Determine suitable rate limits

The rate limits that you use for your Deep Security Manager instances depend on the available resources of your manager computer and the API traffic that they receive. The following rate limits are set by default:

  • User: 500
  • Tenant: 1000
  • Node: 5000

To determine whether your current rate limits are suitable for your environment, observe the behavior of your scripts and the computer of the manager instance that they are calling:

  • Raise the limits if your scripts often exceed the limits and manager resources are not highly impacted.
  • Lower the limits if you observe periods of high resource usage on the manager computer when spikes in API calls occur.

You can use the APIUsageAPI class of an SDK to determine call rates. (See API Usage in the API Reference.) For example you can search for all API calls that occur during a certain time period.
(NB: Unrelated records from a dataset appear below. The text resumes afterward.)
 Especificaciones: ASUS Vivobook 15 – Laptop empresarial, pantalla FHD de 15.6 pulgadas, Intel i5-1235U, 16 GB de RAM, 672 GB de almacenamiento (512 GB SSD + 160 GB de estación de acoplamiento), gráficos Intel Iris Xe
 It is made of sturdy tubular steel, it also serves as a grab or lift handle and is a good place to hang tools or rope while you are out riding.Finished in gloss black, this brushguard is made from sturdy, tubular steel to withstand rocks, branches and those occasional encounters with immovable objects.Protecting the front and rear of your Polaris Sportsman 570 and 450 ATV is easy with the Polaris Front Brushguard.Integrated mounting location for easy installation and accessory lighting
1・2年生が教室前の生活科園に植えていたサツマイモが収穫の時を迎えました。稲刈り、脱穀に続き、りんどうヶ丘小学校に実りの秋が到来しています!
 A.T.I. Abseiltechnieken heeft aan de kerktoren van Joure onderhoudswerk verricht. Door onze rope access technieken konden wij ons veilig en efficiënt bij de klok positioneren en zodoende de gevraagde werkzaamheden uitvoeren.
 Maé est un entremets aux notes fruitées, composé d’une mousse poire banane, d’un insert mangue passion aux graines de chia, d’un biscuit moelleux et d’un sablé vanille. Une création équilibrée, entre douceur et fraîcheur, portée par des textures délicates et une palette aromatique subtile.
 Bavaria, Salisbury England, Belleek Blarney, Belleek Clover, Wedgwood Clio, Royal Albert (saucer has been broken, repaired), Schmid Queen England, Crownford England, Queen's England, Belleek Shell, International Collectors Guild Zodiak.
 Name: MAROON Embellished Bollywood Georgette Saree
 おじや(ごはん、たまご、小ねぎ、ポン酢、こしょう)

Parse the returned data to count the total calls. You can also find the number of code 429 responses. (See Date-range searches.)

API calls are not the only sources of stress on manager resources. You need to correlate high API call rates with increases in resource usage on your manager computer.

Set the rate limits

Use the dsm_c command of the Deep Security Manager CLI to set rate limits. You can also disable and enable the rate limiter. When disabled, rate limiting is not enforced and the rate limits that are set are not effective.

The following table lists the setting names that you can use with the changesetting and viewsetting actions of the command.

Property Setting name Possible values
API rate limiter status com.trendmicro.ds.api:settings.configuration.apiRateLimiterEnabled true or false
User limit com.trendmicro.ds.api:settings.configuration.apiRateLimiterUserLimit Any integer. for example, 500 sets the limit to 500 calls/minute. A negative number allows unlimited calls.
Tenant limit com.trendmicro.ds.api:settings.configuration.apiRateLimiterTenantLimit Any integer. for example, 1000 sets the limit to 500 calls/minute. A negative number allows unlimited calls.
Node limit com.trendmicro.ds.api:settings.configuration.apiRateLimiterNodeLimit Any integer. for example, 500 sets the limit to 500 calls/minute. A negative number allows unlimited calls.

The viewsetting action uses the following syntax: dsm_c -action viewsetting -name *setting_name*

The following example displays the status of the rate limiting feature status:

dsm_c -action viewsetting -name com.trendmicro.ds.api:settings.configuration.apiRateLimiterEnabled

The changesetting command uses the following syntax: dsm_c -action changesetting -name *setting_name* -value *setting_value*

The following example changes the user limit to 1000:

dsm_c -action changesetting -name com.trendmicro.ds.api:settings.configuration.apiRateLimiterUserLimit -value 1000

For information about the dsm_c command, see Command-line basics in the Deep Security Help Center.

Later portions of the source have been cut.